The paradox of late socialism turned out to be: the more meticulously and unanimously the system’s authoritative forms were reproduced in language, rituals, and other acts, the more its constative meanings became disconnected from form and thus allowed to shift in diverse and increasingly unanticipated directions.
Profile Image for Reuben Woolley.
80 reviews12 followers
June 8, 2021
A difficult 3 stars to give, because in many respects this is an amazing book. My issues with it are small, but significant in the overall project, I think.

Yurchak starts from a brilliant premise: Stalin played a fundamental role in transforming the way that the Soviet state conveyed authority and truth, and his death created a strange discursive paradox, a vacuum where the overall socialist ideal was contradicted by the strange and mundane things going on in day-to-day soviet experiences. This led to a series of developing practices in the post-Stalin era where people negotiated simultaneously ridiculing, critiquing and supporting the state in seemingly contradictory acts, using irony and disinterest as ways of expressing both distrust in the state and support of the ideal at once.

The issue is that Yurchak then begins fetishising these cultural acts, creating a strange aura of mysticism around the cultural practices of the late soviet era that seem to suggest that the Soviet Union led to an entirely unique and completely unrecognisable human experience with power. There’s a version of this argument I could see working, but this isn’t it.
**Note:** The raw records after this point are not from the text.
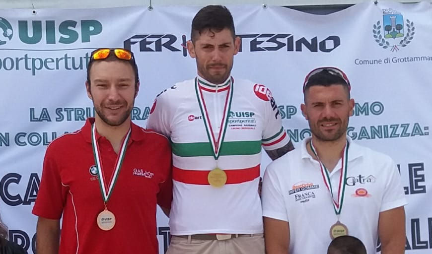 Appena il tempo di festeggiare il successo di Cristina Gamberi nella gara podistica di Baratti sabato scorso, che il Marathon Bike piazza un’altra prestigiosa vittoria. E’ stato Francesco Bacci che ai campionati nazionali di cronometro Uisp di Grottammare ha collezionato un’altra maglia di campione nazionale di cronometro individuale. È la seconda dopo quella conquistata nella cronometro a quattro di Marina di Pisa con i compagni di squadra Giorgio Cosimi, Alessio Minelli e Alessandro Guidotti. Una lotta in “famiglia” la cronometro nazionale di 14 chilometri e 800 metri di Grottammare, visto che ad insidiare sino all’ultimo l’ambita maglia è stato proprio un altro atleta Marathon Bike ovvero Alessandro Guidotti. Partiti a distanza di quattro minuti, Bacci alle ore 10.50 mentre Guidotti alle 10.56, alla fine “solo” 18 secondi hanno separato i due amici-avversari per un giorno con i tempi di 19’43 per lo sticcianese contro i 20’01 di Guidotti. Al terzo posto si piazzava Fabio Ricciardi del Pedale Fermano che tagliava il traguardo dopo 20 minuti e 34 secondi. Per Bacci quindi la conquista di un’altra maglia tricolore importante, ma con la casella delle vittorie stagionali assolute ancora vuota, nonostante tante gare da protagonista con una serie infinita di secondi posti a partire dal trofeo “mbm” di inizio anno, al trofeo “Montemassi”, poi ancora una piazza d’onore al trofeo “Gualtiero Luzzetti” di Pasquetta, e per finire un secondo posto alla medio fondo di Castiglione Della Pescaia. Nel mezzo a tanti secondi posti anche un terzo assoluto al trofeo “Bozzone” di Vetulonia
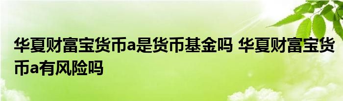 大家好,小基来为大家解答以上的问题。华夏财富宝货币a是货币基金吗,华夏财富宝货币a有风险吗这个很多人还不知道,现在让我们一起来看看吧!
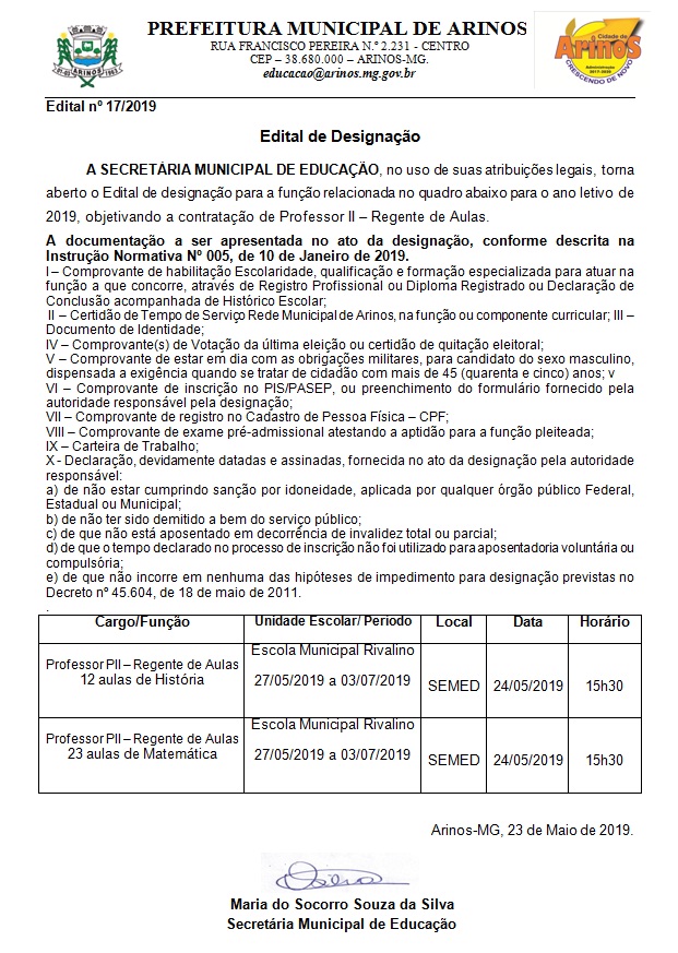Edital nº 17/2019 Cargo: Professor PII - Regente de Aulas
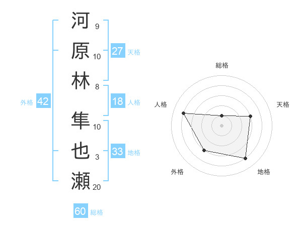 河原林 隼也瀬さんを姓名の画数から五運を鑑定
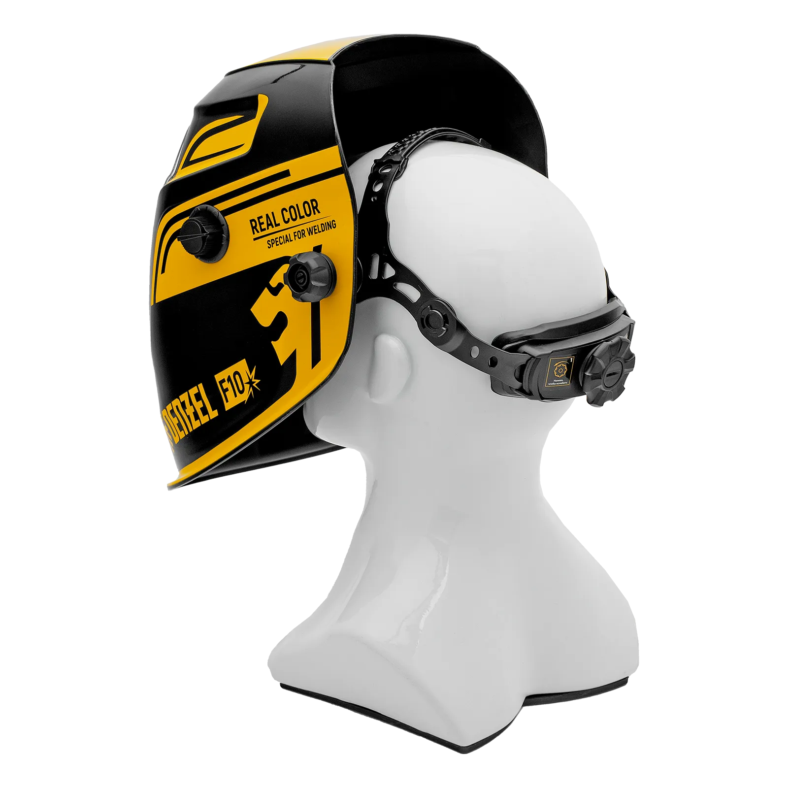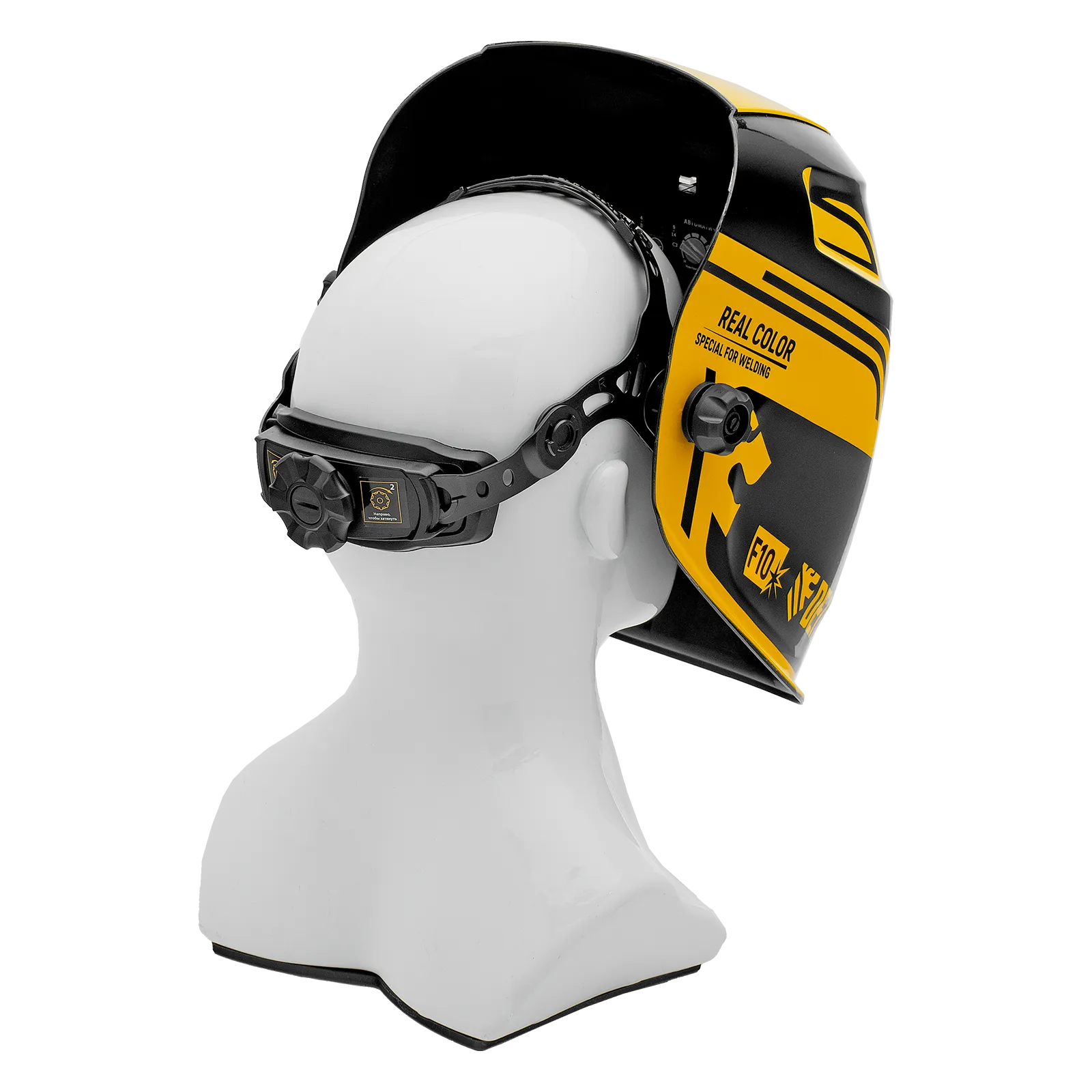 - Эргономичность — щиток оснащен поворотной системой крепления вверх/вниз: при подъеме маски центр тяжести автоматически смещается для максимального комфорта во время использования.
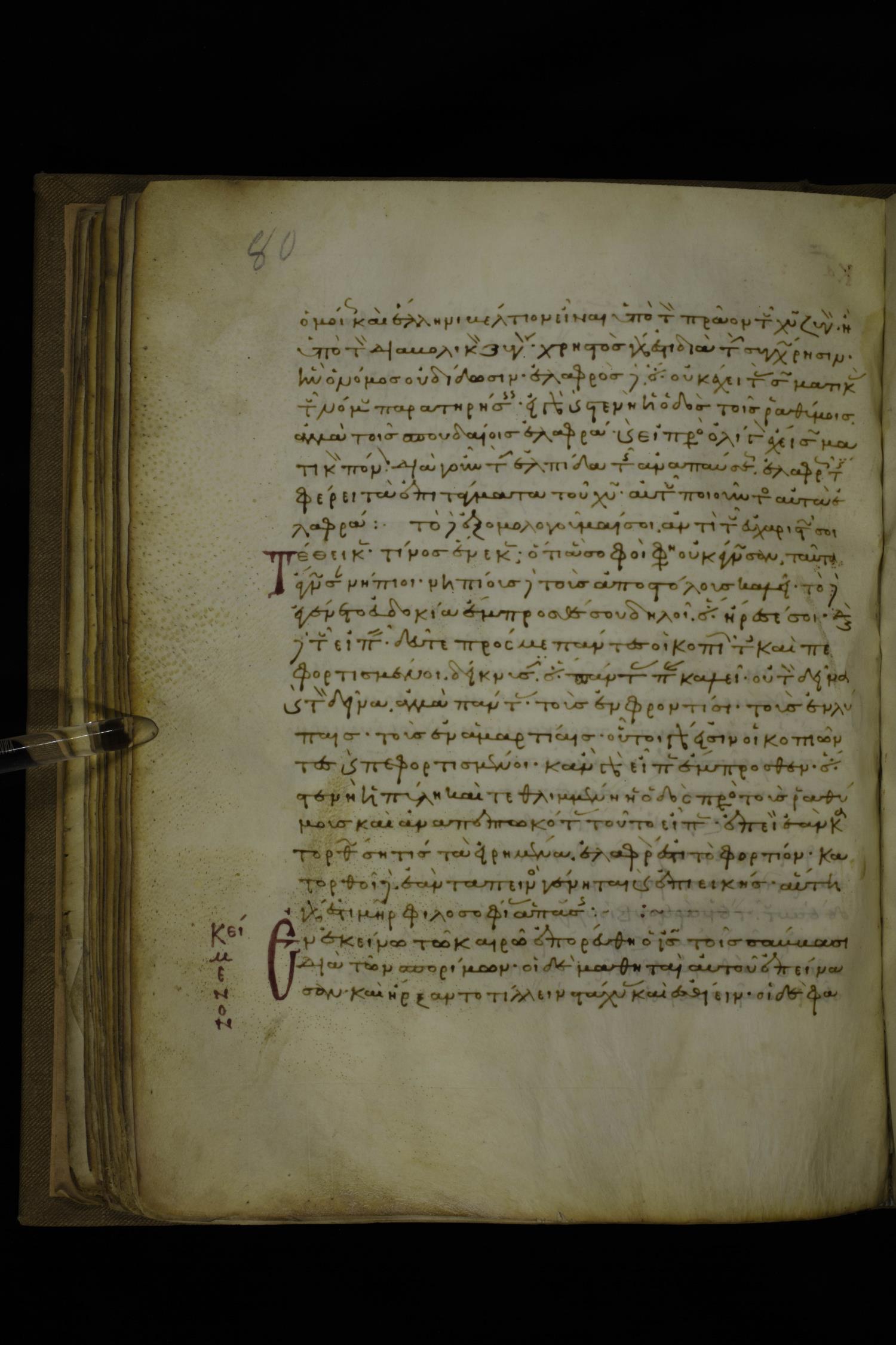 Twelfth century minuscule of the Gospels with commentary on parchment; 270 leaves, 1 column, 24-32 lines per column. Images were taken at the National Library of Greece in Athens.
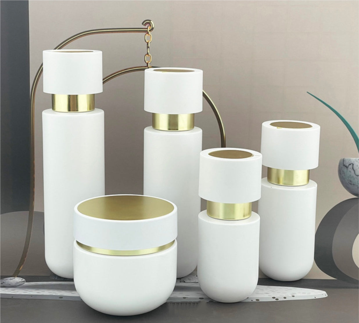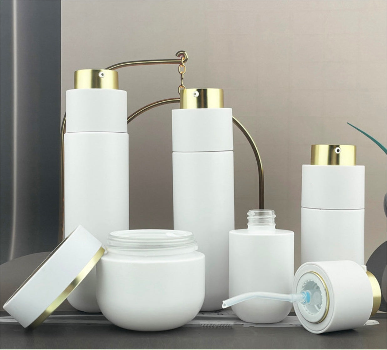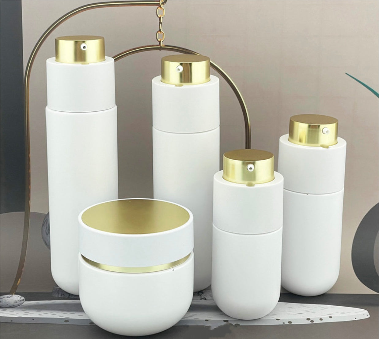 uxury empty round white glass cream jar with gold lid lotion pump bottles cosmetic glass package wholesale 30g 50g 100g 30ml 50ml 100ml 120ml
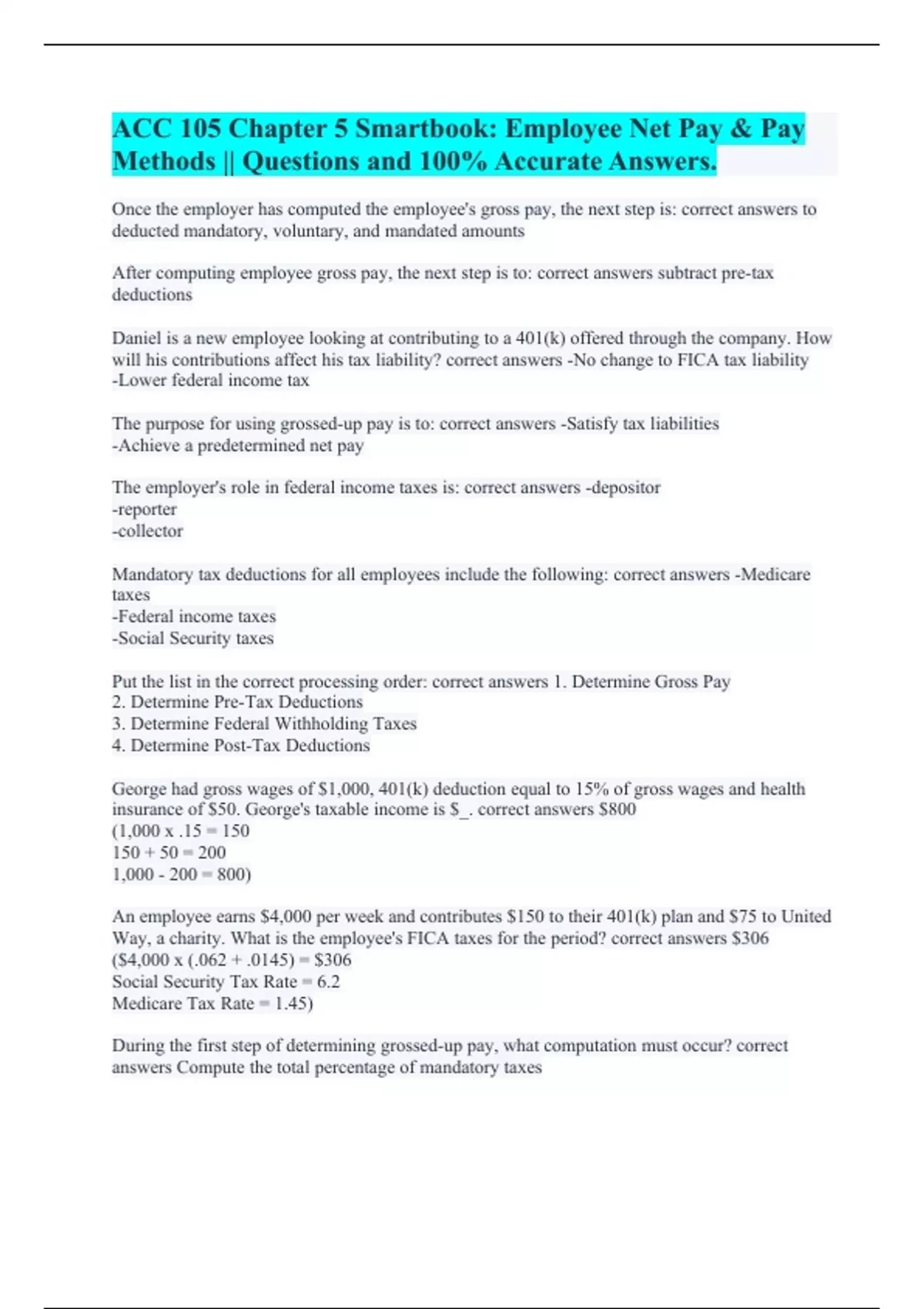 ACC105 Chapter 5 || A Verified A+ Pass. ACC 105 - Chapter 1 || with Error-free Solutions. ACC 105 - Chapter 2 || Already Graded A+. ACC 105 - Chapter 3 || A+ Verified Solutions. ACC 105 Chapter 5 Smartbook: Employee Net Pay & Pay Methods || Questions and 100% Accurate Answers. ACC 105 Final Exam || All Correct. ACCT 105 Exam 1 || with Errorless Sol
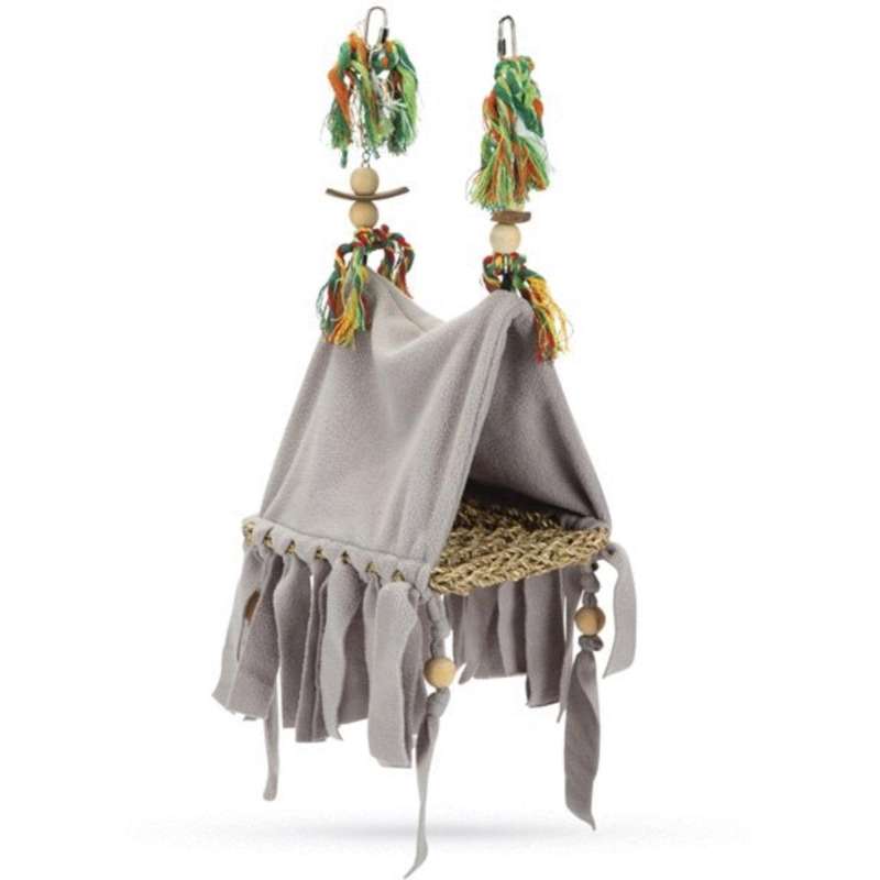 voor in de vogelkooi, geef je jouw vogeltje zijn of haar eigen plekje. Het Beeztees Vogelhuisje Ami grijs 23x13x15 cm heeft iets weg van een tentje gemaakt van stof met een zeegras bodem waar jouw vogel op kan zitten of liggen. Dit vogelhuisje hang je eenvoudig op door middel van de haken. Met dit vogelhuisje geef je jouw vogelkooi een prachtige uitstraling! En, misschien nog wel belangrijker, jouw vogel zal het fantastisch vinden.
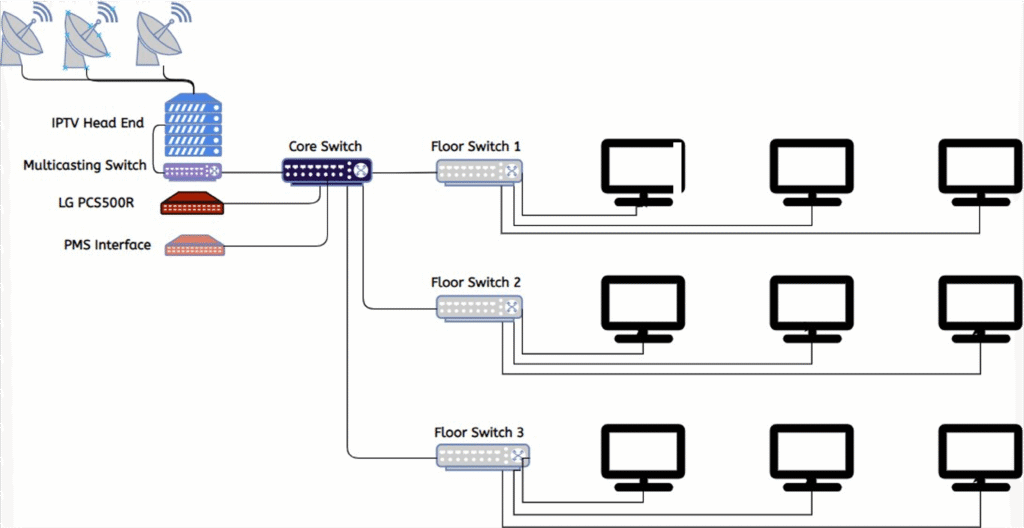 - IPTV Server – This powers all the services your guests interact with: menus, personalization, interactivity, etc.
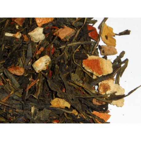 Miscela Natalizia adatta a tutta la famiglia: miscela di tè verde (Cina e Giappone), scorza d'arancio, aromi, ribes rosso, aroma naturale e foglie di fiordaliso, donano a questo tè un profumo dolce e fruttato.
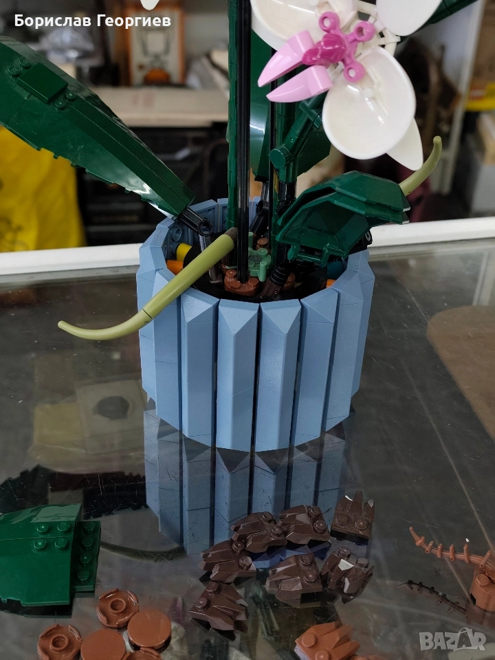 Цената е за трите сета.И трите са без кутии и книжки. 1. Lego Bonsai tree 10281 липсват 49 броя части,зелените листа и части.Може да се построи само с белите листа и розовите жаби.Лиосващите части са предимно от най малките които се слагат в саксията 2. Lego flower Bouquet 10280 липсват 11 броя части 3. Lego Orchid 10311 липсват 13 броя части. Доставка за страната с Еконт с преглед и тест.

By the conclusion, Yurchak’s argument has led him to a strange conclusion of the tail wagging the dog: he makes the suggestion that the fall of the Soviet system, and the paradoxes it contained, happened because of a “discursive rupture” once Gorbachev removed several of the practices and rituals of preceding decades. Unfortunately, this is just rubbish. Yurchak’s book always dances around a key issue, but never openly addresses it: in order to explore how people engaged and disengaged with political and economic narratives, *you must have an analysis of the politics and economics of the USSR*. Yurchak just doesn’t, and it leads him to the obviously incorrect conclusion that the USSR failed because people stopped telling ironic jokes, rather than a plethora of economic and political developments over the course of the 20th century. This unfortunately means that a lot of the genuinely fascinating materials he discusses end up being misused and misappropriated to tell a story that just doesn’t ring true.
Profile Image for Anna Trindyuk.
4 reviews
April 25, 2022
Крайне сложно продраться через вступление, очень академично и скучно. Но затем на страницах появляются живые персонажи со своими историями, раскрываются новые факты, позволяющие смотреть на последние годы совка под новым углом
Profile Image for Paul.
Author 1 book61 followers
December 18, 2014
In Everything Was Forever, Until It Was No More, Alexei Yurchak sets out to uncover why Soviet citizens were prepared for the Union’s collapse despite believing that it could never happen. Eschewing binary models, the author argues that all discourse is comprised of two dimensions: a constative one that describes reality and a performative one that transforms it and introduces new effects into the world. Following Stalin’s death in the 1950s, Soviet discourse shifted to emphasize the performative, rather than the constative, element, which meant that “discourse became powerfully constitutive of Soviet reality but no longer necessarily described that reality”. People thus understood the requirement to reproduce forms, which gave the appearance that they were obsequious to Soviet discourse, yet were able to disconnect meanings from these forms because the constative aspects did not have to conform to any standards, a process that Yurchak refers to as “deterritorialization”. Thus, while the constant reproduction of forms led individuals to perceive an unending system, they were prepared for new ideologies because they had been creating new meanings since the late 1950s. The author does not, however, conceptualize this as resistance, but instead as a process of being both within and outside the system simultaneously. Thus an individual could possess a strong belief in communism, yet also enjoy “bourgeois” or “western” products because the emphasis on the form (rather than content) of regime decrees permitted them to ignore the potentially contradictory elements of such beliefs.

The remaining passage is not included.